* [WHAT THE TASK REQUIRES]
Among the lines below, keep only those from the one containing "A kézzel készített" through the one containing "Кровать двуспальная 140x200", and reproduce them exactly.

(Items listed in a dataset)
++++++

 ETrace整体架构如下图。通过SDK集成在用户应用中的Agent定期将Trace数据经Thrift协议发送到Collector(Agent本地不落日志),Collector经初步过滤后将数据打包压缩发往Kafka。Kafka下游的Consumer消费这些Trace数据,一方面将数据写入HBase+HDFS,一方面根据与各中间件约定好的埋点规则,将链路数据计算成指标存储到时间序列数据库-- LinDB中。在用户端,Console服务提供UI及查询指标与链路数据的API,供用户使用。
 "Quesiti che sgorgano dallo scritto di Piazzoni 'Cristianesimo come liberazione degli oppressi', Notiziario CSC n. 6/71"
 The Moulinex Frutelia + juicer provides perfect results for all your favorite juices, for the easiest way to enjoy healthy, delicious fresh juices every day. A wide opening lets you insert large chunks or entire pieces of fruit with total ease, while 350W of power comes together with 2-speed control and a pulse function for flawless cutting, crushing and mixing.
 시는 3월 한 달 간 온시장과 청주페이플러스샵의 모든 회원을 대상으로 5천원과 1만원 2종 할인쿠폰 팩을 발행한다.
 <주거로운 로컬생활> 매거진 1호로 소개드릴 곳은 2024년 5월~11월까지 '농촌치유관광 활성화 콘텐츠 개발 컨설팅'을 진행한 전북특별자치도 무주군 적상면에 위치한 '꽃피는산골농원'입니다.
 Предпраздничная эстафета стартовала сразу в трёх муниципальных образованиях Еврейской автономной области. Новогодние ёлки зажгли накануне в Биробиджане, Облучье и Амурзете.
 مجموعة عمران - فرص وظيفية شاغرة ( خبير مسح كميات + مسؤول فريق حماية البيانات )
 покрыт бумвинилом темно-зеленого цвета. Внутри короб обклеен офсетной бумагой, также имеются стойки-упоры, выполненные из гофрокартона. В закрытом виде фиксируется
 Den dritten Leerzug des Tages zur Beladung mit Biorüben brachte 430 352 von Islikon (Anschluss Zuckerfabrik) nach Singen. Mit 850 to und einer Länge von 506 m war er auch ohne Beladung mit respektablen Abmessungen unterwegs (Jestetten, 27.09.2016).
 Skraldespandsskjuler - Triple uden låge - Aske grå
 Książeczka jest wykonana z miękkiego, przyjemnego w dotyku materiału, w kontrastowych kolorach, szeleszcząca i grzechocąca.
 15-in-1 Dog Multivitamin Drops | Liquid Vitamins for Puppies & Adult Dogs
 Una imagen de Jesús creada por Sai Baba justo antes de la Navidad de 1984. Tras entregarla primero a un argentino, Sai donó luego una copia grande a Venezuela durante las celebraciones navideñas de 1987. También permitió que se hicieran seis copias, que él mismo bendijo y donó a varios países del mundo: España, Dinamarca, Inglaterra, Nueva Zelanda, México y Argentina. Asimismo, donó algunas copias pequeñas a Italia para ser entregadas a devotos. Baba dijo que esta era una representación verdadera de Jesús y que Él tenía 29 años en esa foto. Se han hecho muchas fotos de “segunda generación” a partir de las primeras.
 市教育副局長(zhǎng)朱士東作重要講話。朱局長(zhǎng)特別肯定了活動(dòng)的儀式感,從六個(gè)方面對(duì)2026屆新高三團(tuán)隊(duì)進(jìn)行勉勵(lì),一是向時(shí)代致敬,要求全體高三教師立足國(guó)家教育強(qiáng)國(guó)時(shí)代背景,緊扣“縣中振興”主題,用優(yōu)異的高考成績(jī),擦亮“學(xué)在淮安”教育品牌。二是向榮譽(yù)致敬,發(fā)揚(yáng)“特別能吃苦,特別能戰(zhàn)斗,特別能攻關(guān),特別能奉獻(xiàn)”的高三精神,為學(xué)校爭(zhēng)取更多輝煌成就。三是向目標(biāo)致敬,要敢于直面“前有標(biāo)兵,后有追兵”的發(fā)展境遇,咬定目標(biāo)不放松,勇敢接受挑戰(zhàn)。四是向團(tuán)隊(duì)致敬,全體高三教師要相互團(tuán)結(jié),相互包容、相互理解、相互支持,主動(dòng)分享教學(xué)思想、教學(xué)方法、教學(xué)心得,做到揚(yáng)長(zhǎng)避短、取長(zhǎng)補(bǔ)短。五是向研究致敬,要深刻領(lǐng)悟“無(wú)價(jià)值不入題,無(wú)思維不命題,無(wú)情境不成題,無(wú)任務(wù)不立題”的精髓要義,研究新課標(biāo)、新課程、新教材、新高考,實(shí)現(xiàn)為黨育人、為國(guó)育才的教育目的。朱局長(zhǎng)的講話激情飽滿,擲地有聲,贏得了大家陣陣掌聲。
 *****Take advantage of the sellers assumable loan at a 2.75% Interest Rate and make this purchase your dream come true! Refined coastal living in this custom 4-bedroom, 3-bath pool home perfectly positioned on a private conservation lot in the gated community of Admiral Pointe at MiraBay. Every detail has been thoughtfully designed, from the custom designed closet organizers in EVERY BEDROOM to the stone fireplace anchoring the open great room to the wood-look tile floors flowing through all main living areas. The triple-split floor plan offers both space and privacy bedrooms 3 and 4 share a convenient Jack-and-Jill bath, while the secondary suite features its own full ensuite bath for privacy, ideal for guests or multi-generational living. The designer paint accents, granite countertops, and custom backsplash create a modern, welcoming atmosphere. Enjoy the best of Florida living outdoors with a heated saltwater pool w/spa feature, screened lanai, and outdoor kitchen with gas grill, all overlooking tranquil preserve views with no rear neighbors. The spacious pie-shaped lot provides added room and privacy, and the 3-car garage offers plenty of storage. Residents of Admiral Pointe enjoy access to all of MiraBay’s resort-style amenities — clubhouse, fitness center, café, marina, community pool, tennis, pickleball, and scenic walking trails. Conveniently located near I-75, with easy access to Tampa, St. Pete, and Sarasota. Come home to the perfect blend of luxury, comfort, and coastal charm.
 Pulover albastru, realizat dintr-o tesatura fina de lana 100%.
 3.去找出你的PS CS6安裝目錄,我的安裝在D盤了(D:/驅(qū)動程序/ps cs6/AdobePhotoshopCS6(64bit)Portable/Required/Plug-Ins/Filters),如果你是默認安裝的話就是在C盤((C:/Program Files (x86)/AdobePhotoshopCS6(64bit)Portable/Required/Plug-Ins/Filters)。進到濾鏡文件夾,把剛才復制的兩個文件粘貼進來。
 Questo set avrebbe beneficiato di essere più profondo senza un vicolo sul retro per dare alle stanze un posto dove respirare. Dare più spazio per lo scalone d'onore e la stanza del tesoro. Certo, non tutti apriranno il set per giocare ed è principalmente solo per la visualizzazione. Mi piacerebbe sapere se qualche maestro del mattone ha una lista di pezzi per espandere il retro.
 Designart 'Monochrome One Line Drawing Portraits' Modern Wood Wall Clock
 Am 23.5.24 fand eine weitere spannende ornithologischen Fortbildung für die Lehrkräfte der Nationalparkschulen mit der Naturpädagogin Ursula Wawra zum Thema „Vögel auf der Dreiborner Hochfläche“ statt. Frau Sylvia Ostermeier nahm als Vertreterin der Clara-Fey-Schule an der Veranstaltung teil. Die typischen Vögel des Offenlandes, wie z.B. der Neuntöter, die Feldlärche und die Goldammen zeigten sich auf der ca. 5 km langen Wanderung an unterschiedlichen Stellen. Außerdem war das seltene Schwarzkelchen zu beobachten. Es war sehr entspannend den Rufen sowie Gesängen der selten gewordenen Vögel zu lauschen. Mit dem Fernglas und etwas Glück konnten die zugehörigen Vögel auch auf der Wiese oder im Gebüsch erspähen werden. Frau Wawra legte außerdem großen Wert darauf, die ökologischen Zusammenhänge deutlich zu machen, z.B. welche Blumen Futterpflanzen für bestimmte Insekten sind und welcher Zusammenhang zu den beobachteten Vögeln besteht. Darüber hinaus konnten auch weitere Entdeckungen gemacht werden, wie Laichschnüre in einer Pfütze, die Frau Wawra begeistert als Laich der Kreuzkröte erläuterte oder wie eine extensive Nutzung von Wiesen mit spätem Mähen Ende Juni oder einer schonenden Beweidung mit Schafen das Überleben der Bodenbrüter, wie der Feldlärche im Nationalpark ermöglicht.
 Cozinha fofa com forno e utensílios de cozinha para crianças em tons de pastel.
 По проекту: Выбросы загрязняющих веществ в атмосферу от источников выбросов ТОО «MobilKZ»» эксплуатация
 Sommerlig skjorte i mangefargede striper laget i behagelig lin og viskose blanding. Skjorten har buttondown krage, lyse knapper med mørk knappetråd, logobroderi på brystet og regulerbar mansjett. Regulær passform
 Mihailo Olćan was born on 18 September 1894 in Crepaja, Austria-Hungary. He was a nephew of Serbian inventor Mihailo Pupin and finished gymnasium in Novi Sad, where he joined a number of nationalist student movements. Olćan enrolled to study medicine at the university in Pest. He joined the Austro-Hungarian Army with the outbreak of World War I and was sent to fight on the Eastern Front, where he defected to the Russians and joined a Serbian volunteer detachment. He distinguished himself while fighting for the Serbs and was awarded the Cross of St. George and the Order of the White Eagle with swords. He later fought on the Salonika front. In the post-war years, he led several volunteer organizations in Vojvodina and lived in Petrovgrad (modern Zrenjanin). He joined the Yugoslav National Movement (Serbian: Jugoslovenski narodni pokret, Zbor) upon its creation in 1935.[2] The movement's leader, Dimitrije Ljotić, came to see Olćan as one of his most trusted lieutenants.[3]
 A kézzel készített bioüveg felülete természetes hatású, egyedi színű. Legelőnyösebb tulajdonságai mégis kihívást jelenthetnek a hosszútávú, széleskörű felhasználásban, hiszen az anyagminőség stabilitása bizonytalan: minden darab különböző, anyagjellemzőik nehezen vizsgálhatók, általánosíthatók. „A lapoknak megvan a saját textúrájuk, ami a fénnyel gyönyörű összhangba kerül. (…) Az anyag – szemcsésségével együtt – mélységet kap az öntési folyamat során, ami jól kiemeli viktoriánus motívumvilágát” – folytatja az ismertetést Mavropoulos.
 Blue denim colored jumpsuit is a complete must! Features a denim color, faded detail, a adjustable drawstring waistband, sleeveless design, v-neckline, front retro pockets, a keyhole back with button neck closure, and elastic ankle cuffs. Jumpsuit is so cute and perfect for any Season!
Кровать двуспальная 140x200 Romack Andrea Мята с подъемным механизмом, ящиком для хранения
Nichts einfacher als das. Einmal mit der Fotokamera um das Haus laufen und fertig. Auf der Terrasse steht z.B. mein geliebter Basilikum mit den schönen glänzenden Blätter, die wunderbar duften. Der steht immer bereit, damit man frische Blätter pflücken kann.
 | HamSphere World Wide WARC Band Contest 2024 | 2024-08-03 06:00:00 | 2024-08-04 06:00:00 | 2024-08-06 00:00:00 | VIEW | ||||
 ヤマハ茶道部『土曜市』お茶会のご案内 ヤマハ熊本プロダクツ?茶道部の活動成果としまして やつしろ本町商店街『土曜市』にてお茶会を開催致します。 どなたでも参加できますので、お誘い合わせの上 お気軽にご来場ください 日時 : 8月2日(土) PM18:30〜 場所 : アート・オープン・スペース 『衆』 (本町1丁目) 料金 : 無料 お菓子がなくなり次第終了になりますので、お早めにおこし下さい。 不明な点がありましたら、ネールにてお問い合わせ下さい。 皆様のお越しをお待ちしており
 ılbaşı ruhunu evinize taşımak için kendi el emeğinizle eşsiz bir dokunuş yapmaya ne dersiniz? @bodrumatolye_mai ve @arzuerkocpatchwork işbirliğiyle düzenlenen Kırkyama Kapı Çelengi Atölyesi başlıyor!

++++++

* [EXERCISE SOLUTION]
 A kézzel készített bioüveg felülete természetes hatású, egyedi színű. Legelőnyösebb tulajdonságai mégis kihívást jelenthetnek a hosszútávú, széleskörű felhasználásban, hiszen az anyagminőség stabilitása bizonytalan: minden darab különböző, anyagjellemzőik nehezen vizsgálhatók, általánosíthatók. „A lapoknak megvan a saját textúrájuk, ami a fénnyel gyönyörű összhangba kerül. (…) Az anyag – szemcsésségével együtt – mélységet kap az öntési folyamat során, ami jól kiemeli viktoriánus motívumvilágát” – folytatja az ismertetést Mavropoulos.
 Blue denim colored jumpsuit is a complete must! Features a denim color, faded detail, a adjustable drawstring waistband, sleeveless design, v-neckline, front retro pockets, a keyhole back with button neck closure, and elastic ankle cuffs. Jumpsuit is so cute and perfect for any Season!
Кровать двуспальная 140x200 Romack Andrea Мята с подъемным механизмом, ящиком для хранения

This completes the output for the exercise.